Commentary

Economic Lessons from Europe

It has become common wisdom on the Left that the United States needs to be more like Europe. Democratic candidates like Hillary Clinton and, especially, Bernie Sanders can hardly contain their enthusiasm for the European model of the modern social welfare state. As Sanders puts it, “I think we should look to countries like Denmark, like Sweden and Norway, and learn from what they have accomplished for their working people.”

Obviously, this ignores Europe’s many problems — staggering debt, slow economic growth, high unemployment — but maybe Sanders et al. are onto something. Maybe there are some things we could learn from Europe.

For example, we could well benefit from adopting a Swiss-style “debt break.” By law, the Swiss government cannot run a budget deficit over an economic cycle. This is not, strictly speaking, a requirement for an annual balanced budget, but rather it limits the growth in government spending to no more than the average of revenue increases over a multiyear period, after adjusting for the cyclical position of the economy (as calculated by Switzerland’s Federal Department of Finance). This allows the government to smooth budgets during economic slowdowns, when revenues decline and expenditures rise, but prevents ongoing deficit spending. Nor can the Swiss easily raise federal taxes to finance more spending. Maximum tax rates at the national level — an 11.5 percent income tax, an 8 percent value-added tax, and an 8.5 percent corporate tax — are set by the constitution. They can be raised only through a referendum, in which the proposed increase would have to win both a majority of the national vote and a majority of the vote in more than half the Swiss cantons. The equivalent in the United States would be that every tax hike had to be approved by a majority of all American voters and a majority of voters in at least 26 states.

Europe has plenty to teach us. But it’s not what Bernie and Hillary think.

Speaking of taxes, perhaps we should emulate European business taxes. Every country in Europe has a lower corporate tax rate than the United States. Our current corporate rate is 39 percent. In contrast, the highest corporate rate in Europe is 34.43 percent, in France. In Bernie Sanders’s beloved Denmark, it is just 23.5 percent. On average, the EU corporate rate is just 22.8 percent. Much of Europe also has lower capital-gains taxes than we do. It’s an article of faith among liberals that we need to raise taxes on capital and investment. But Belgium, the Czech Republic, the Netherlands, Slovenia, and Switzerland have no capital-gains tax at all. (Overall taxes in Europe are higher than in the United States, but that’s primarily because of regressive VATs, not taxes on the wealthy.)

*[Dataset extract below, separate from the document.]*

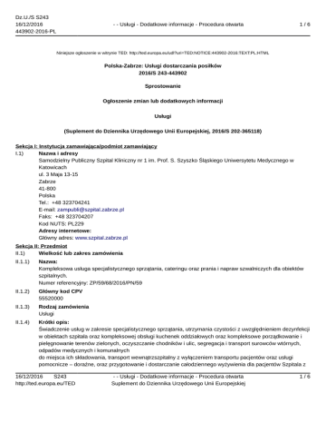 Dz.U./S S243 16/12/2016 443902-2016-PL - - Usługi - Dodatkowe informacje - Procedura otwarta 1/6 Niniejsze ogłoszenie w witrynie TED: http://ted.europa.eu/udl?uri=TED:NOTICE:443902-2016:TEXT:PL:HTML Polska-Zabrze: Usługi dostarczania posiłków 2016/S 243-443902 Sprostowanie Ogłoszenie zmian lub dodatkowych informacji Usługi (Suplement do Dziennika Urzędowego Unii Europejskiej, 2016/S 202-365118) Sekcja I: Instytucja zamawiająca/podmiot zamawiający I.1) Nazwa i adresy Samodzielny Publiczny Szpital Kliniczny nr 1 im. Prof. S. Szyszko Śląskiego Uniwersytetu Medycznego w Katowicach ul. 3 Maja 13-15 Zabrze 41-800 Polska Tel.: +48 323704241 E-mail: [email protected] Faks: +48 323704207 Kod NUTS: PL229 Adresy internetowe: Główny adres: www.szpital.zabrze.pl Sekcja II: Przedmiot II.1) Wielkość lub zakres zamówienia II.1.1) Nazwa: Kompleksowa usługa specjalistycznego sprzątania, cateringu oraz prania i napraw szwalniczych dla obiektów szpitalnych. Numer referencyjny: ZP/59/68/2016/PN/59 II.1.2) Główny kod CPV 55520000 II.1.3) Rodzaj zamówienia Usługi II.1.4) Krótki opis: Świadczenie usług w zakresie specjalistycznego sprzątania, utrzymania czystości z uwzględnieniem dezynfekcji w obiektach szpitala oraz kompleksowej obsługi kuchenek oddziałowych oraz kompleksowe porządkowanie i pielęgnowanie terenów zielonych, oczyszczanie chodników i ulic, segregacja i transport surowców wtórnych, odpadów medycznych i komunalnych do miejsca ich składowania, transport wewnątrzszpitalny z wyłączeniem transportu pacjentów oraz usługi pomocnicze – doraźne, oraz przygotowanie i dostarczanie całodziennego wyżywienia dla pacjentów Szpitala z 16/12/2016 S243 http://ted.europa.eu/TED - - Usługi - Dodatkowe informacje - Procedura otwarta Suplement do Dziennika Urzędowego Unii Europejskiej 1/6 Dz.U./S S243 16/12/2016 443902-2016-PL - - Usługi - Dodatkowe informacje - Procedura otwarta 2/6 uwzględnieniem zaleceń dietetycznych w tym przygotowanie żywienia dla dzieci w wieku od 0 do 1 roku życia oraz usługi pralnicze i naprawy szwalnicze wraz z transportem dla obiektów Szpitalnych z siedzibą przy ulicy 3go Maja 13-15 oraz przy ulicy Koziołka 1. Sekcja VI: Informacje uzupełniające VI.5) Data wysłania niniejszego ogłoszenia: 14/12/2016 VI.6) Numer pierwotnego ogłoszenia Numer ogłoszenia w Dz.Urz. UE – OJ/S: 2016/S 202-365118 Sekcja VII: Zmiany VII.1) Informacje do zmiany lub dodania VII.1.2) Tekst, który należy poprawić w pierwotnym ogłoszeniu Numer sekcji: II.1.2 Miejsce, w którym znajduje się tekst do modyfikacji: Główny kod CPV Zamiast: 90910000 Powinno być: 55520000 Numer sekcji: II.2.2) Miejsce, w którym znajduje się tekst do modyfikacji: Dodatkowy kod lub kody CPV Zamiast: 55320000 55520000 98310000 77310000 Powinno być: 55320000 98310000 Numer sekcji: II.1.1 Miejsce, w którym znajduje się tekst do modyfikacji: Nazwa Zamiast: Nazwa: Kompleksowa usługa specjalistycznego sprzątania, cateringu oraz prania i napraw szwalniczych dla obiektów szpitalnych. Numer referencyjny: ZP/59/68/2016/PN/59. Powinno być: Nazwa: Kompleksowa usługa cateringu oraz prania i napraw szwalniczych dla obiektów szpitalnych – 2 zadania. Numer referencyjny: ZP/59/68/2016/PN/59. Numer sekcji: II.1.4 Miejsce, w którym znajduje się tekst do modyfikacji: Krótki opis Zamiast: Świadczenie usług w zakresie specjalistycznego sprzątania, utrzymania czystości z uwzględnieniem dezynfekcji w obiektach szpitala oraz kompleksowej obsługi kuchenek oddziałowych oraz kompleksowe porządkowanie i pielęgnowanie terenów zielonych, oczyszczanie chodników i ulic, segregacja i transport surowców wtórnych, odpadów medycznych i komunalnych 16/12/2016 S243 http://ted.europa.eu/TED - - Usługi - Dodatkowe informacje - Procedura otwarta Suplement do Dziennika Urzędowego Unii Europejskiej 2/6 Dz.U./S S243 16/12/2016 443902-2016-PL - - Usługi - Dodatkowe informacje - Procedura otwarta 3/6 do miejsca ich składowania, transport wewnątrzszpitalny z wyłączeniem transportu pacjentów oraz usługi pomocnicze – doraźne, oraz przygotowanie i dostarczanie całodziennego wyżywienia dla pacjentów Szpitala z uwzględnieniem zaleceń dietetycznych w tym przygotowanie żywienia dla dzieci w wieku od 0 do 1 roku życia oraz usługi pralnicze i naprawy szwalnicze wraz z transportem dla obiektów Szpitalnych z siedzibą przy ulicy 3go Maja 13-15 oraz przy ulicy Koziołka 1. Powinno być: W zakresie zadania nr 1: Przygotowanie i dostarczanie całodziennego wyżywienia dla pacjentów Szpitala z uwzględnieniem zaleceń dietetycznych W zakresie zadania nr 2 Usługi pralnicze i naprawy szwalnicze wraz z transportem dla obiektów Szpitalnych z siedzibą przy ulicy 3-go Maja 13-15 oraz przy ulicy Koziołka 1 Zmodyfikowana Specyfikacja Istotnych Warunków Zamówienia wraz z załącznikami znajduje się na stronie internetowej Zamawiającego www.szpital.zabrze.pl Numer sekcji: II.1.6 Miejsce, w którym znajduje się tekst do modyfikacji: Informacja o częściach Zamiast: To zamówienie podzielone jest na części: nie. Powinno być: To zamówienie podzielone jest na części: tak Oferty można składać w odniesieniu do wszystkich części. Numer sekcji: II.2.4 Miejsce, w którym znajduje się tekst do modyfikacji: Opis zamówienia Zamiast: Świadczenie usług w zakresie specjalistycznego sprzątania, utrzymania czystości z uwzględnieniem dezynfekcji w obiektach szpitala oraz kompleksowej obsługi kuchenek oddziałowych oraz kompleksowe porządkowanie i pielęgnowanie terenów zielonych, oczyszczanie chodników i ulic, segregacja i transport surowców wtórnych,odpadów medycznych i komunalnych do miejsca ich składowania, transport wewnątrzszpitalny z wyłączeniem transportu pacjentów oraz usługi pomocnicze – doraźne, oraz przygotowanie i dostarczanie całodziennego wyżywienia dla pacjentów Szpitala z uwzględnieniem zaleceń dietetycznych w tym przygotowanie żywienia dla dzie

Let’s learn some more lessons from Europe. How about labor policy? The Democrats are fighting over whether the U.S. should raise our minimum wage to $12 (Clinton) or $15 (Sanders); neither of the candidates seems to be asking how many jobs these proposals would kill. But there is no national minimum wage in Austria, Denmark, Finland, Iceland, Italy, Norway, Sweden, or Switzerland, although there are minimums for some specific professions in Denmark, Iceland, and Norway, and wages may be set by collective bargaining (including a government role) for certain industry sectors in some of the other countries.

But if we don’t want to go that far, why not a subminimum wage for young people, such as the one in Great Britain? There, the minimum wage for someone between 18 and 21 years old is just 79 percent of the minimum for an older adult, and the minimum is even lower for those under 18. This allows young people with few skills and little job history to climb that first rung on the economic ladder. Similarly, Germany does not apply its minimum-wage requirement to hiring the long-term unemployed (for their first six months of work), teenagers, and young workers participating in the country’s extensive apprenticeship program.

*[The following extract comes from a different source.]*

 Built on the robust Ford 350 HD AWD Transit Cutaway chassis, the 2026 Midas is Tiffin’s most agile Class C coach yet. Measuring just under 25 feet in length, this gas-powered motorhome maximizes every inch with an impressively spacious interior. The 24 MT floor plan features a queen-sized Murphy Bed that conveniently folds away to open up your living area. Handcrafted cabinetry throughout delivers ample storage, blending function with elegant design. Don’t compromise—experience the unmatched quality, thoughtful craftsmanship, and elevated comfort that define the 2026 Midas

Speaking of helping young people, while American politicians are in hock to the teachers’ unions, parents in Europe have much more choice about where their children go to school. In fact, in Belgium and the Netherlands, more than two-thirds of students attend private schools. In Denmark, a quarter of students are in private schools. And even in Sweden, one out of seven students attends private school.

Of course, when those on the Left praise Europe, they are looking at its enormous welfare state. But even here, Bernie and Hillary might want to think twice. Various European countries are making significant cutbacks to that welfare state: cutting the length of unemployment benefits, adding work requirements for welfare benefits, imposing additional cost-sharing in their health-care systems. In many cases, European countries are becoming more aggressive about reforming their welfare systems than the United States.

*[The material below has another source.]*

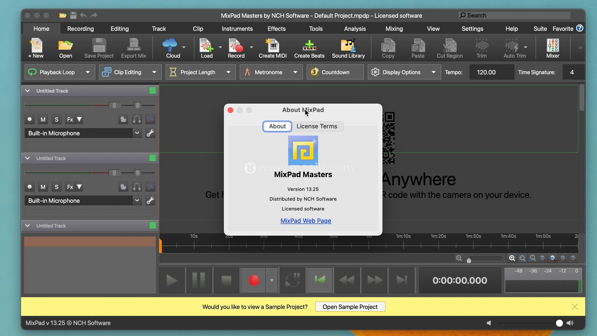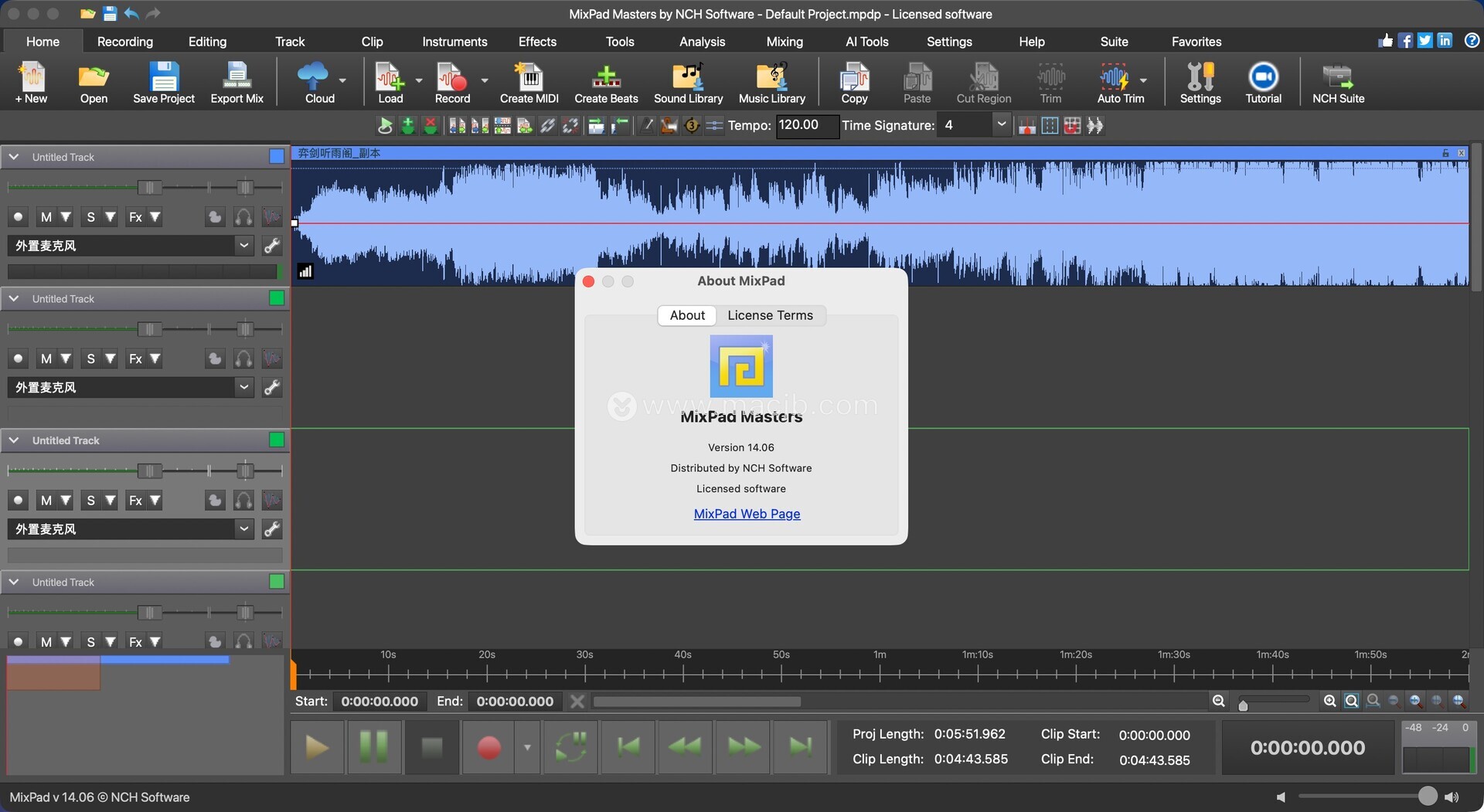 无论您是新手还是专业音乐家,NCH MixPad Masters 都是一款在 Mac 上创作和制作音乐的强大工具。测试环境:MacOS 14.7/26.2系统

In fact, when it comes to the biggest welfare program of them all, public pensions (the European version of Social Security), liberals might be surprised to learn that Sweden has partially privatized its program. Younger workers are required to invest a portion of their payroll taxes in personal accounts. Bulgaria, Croatia, Estonia, Latvia, and Slovakia also have an individual-account component.

Overall, it’s worth noting that, according to the latest Economic Freedom of the World report, Switzerland, Ireland, and the United Kingdom all score better than the United States.

Obviously no one wants the United States to become Europe. But when Hillary, Bernie, and the rest say we should adopt European best practices, they should be careful what they ask for. It might not be quite what they think.

Michael Tanner is a senior fellow at the Cato Institute and the author of Going for Broke: Deficits, Debt, and the Entitlement Crisis.